Functional dependencies question

[Andrew J Bromage]

G'day all.

On Tue, May 13, 2003 at 08:58:35AM +0100, Simon Peyton-Jones wrote:

> Think of it like this.  Should this be acceptable?
> 
> 	f :: a -> a -> a
> 	f x y = x && y

No, because (&&) is not defined on anything but Bool.

> Your signature is
> 	bar :: (Foo Char t) => t
> and we know (from the instance decl) that t must be Bool.

Even if we don't have the instance declaration, we know that t
must be some unique type because of the fundep.  (Of course that
type may be polymorphic, which probably complicates things.)

> It is undoubtedly odd that adding an instance declaration makes a legal
> program illegal, and that might be a reason for relaxing the rule... but
> it's not entirely easy to implement such a relaxation.

Understood, and I'm not so worried about it now that we've found a
few ways to get around my motivating problem.

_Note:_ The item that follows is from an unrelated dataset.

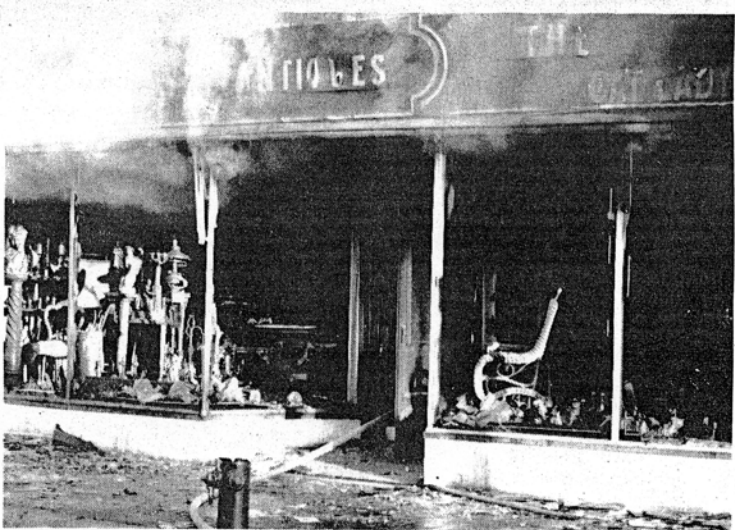
THE AFTERMATH.
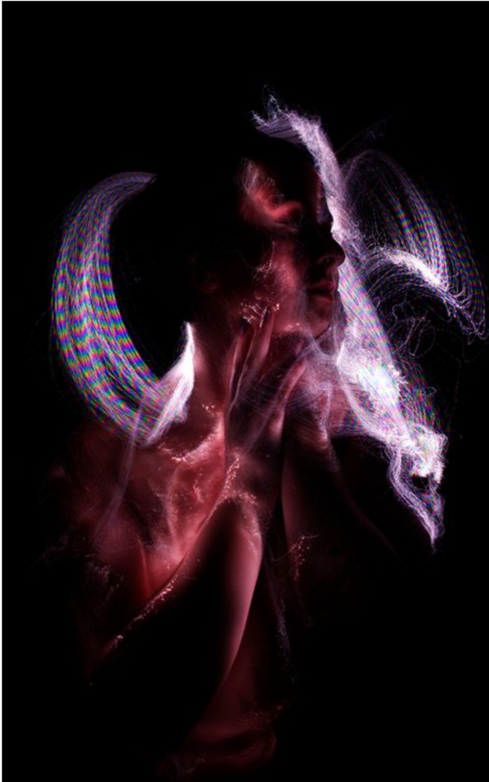
Figure 8: This Is Not A Swan Song

BTW, even worse than adding an instance declaration making a legal
program illegal is moving an instance declaration across a module
boundary.  GHC appears perfectly happy with this:

<<
	module Foo where

	class Foo a b | a -> b where
	    foo :: a -> b

	bar :: (Foo Char t) => t
	bar = foo 'a'
>>

<<
	module Bar where

	import Foo

	instance Foo Char Bool where
	    foo a = a == 'a'
>>

<<
	% ghci -fglasgow-exts Bar.hs
	[deletia]
	Ok, modules loaded: Bar, Foo.
	*Bar> :t bar
	bar :: Bool
	*Bar> bar
	True
>>

Cheers,
Andrew Bromage